= Task =
Only the lines below from the one containing "空飛ぶダンボに乗るミッキーマ" through the last line should be set down, exactly as written and with no pictures.

### Recorded data

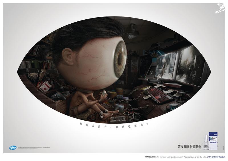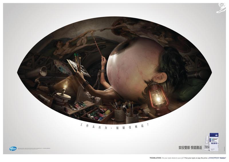 麦肯香港为辉瑞制药的一款眼药水制作了“眼球”系列的平面广告。它用一直红肿布满血丝的眼球描摹了几类用眼习惯糟糕的人群:学生、画家、游戏爱好者等。创意很直观的表现了眼疲劳的伤害,与眼药水产品自然的结合起来。
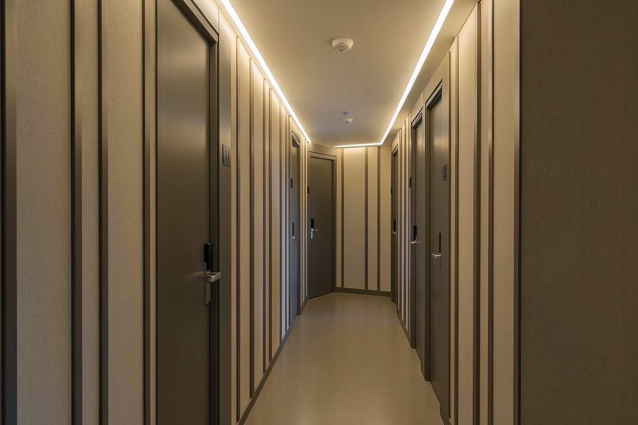 with lighting fixtures illuminates the area with cozy ambiance no lights inside the cabinet maintain colors light gray flooring dont change the cabinet color no handle for sliding cabinet maintain the design
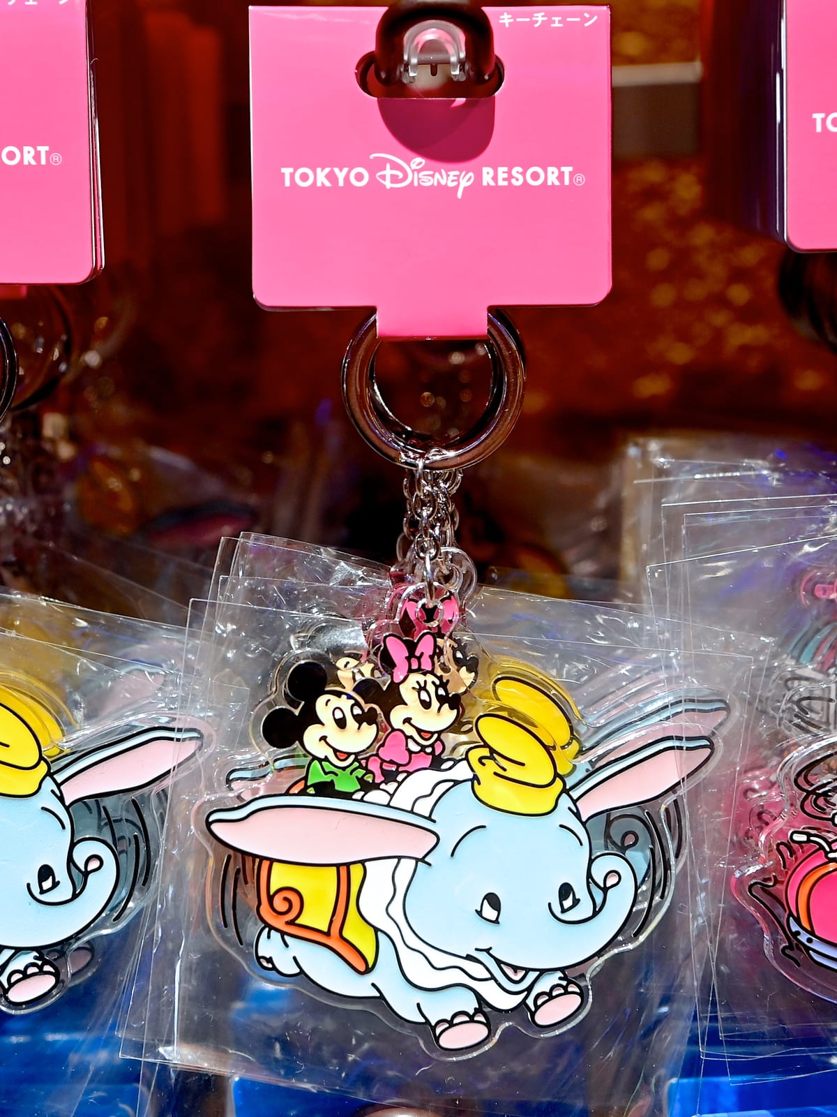 空飛ぶダンボに乗るミッキーマウスとミニーマウスがデザインされたアクリルキーチェーン。
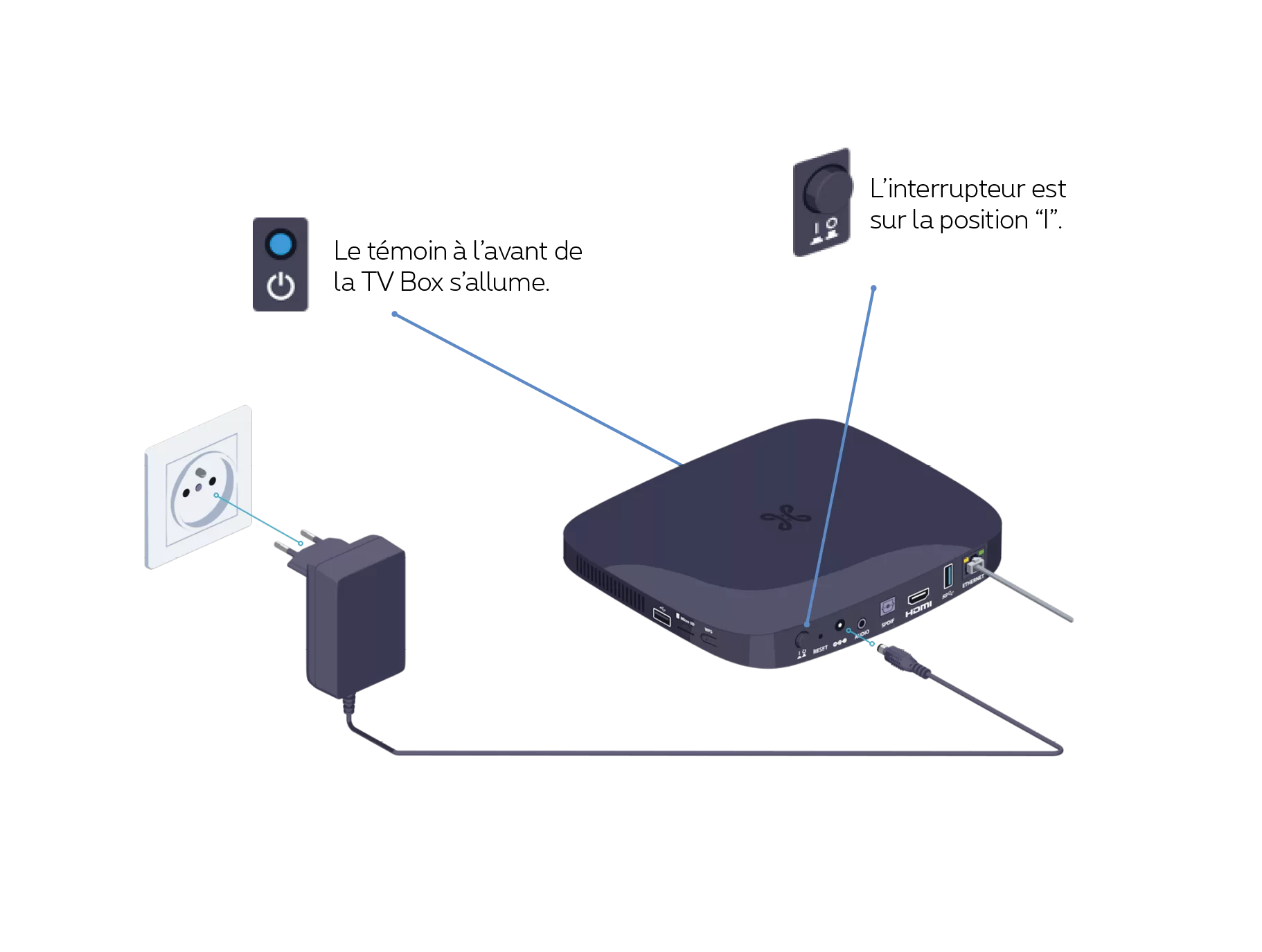 Branchez le câble d’alimentation sur votre TV Box et sur une prise électrique.

######

= Final answer =
 空飛ぶダンボに乗るミッキーマウスとミニーマウスがデザインされたアクリルキーチェーン。
 Branchez le câble d’alimentation sur votre TV Box et sur une prise électrique.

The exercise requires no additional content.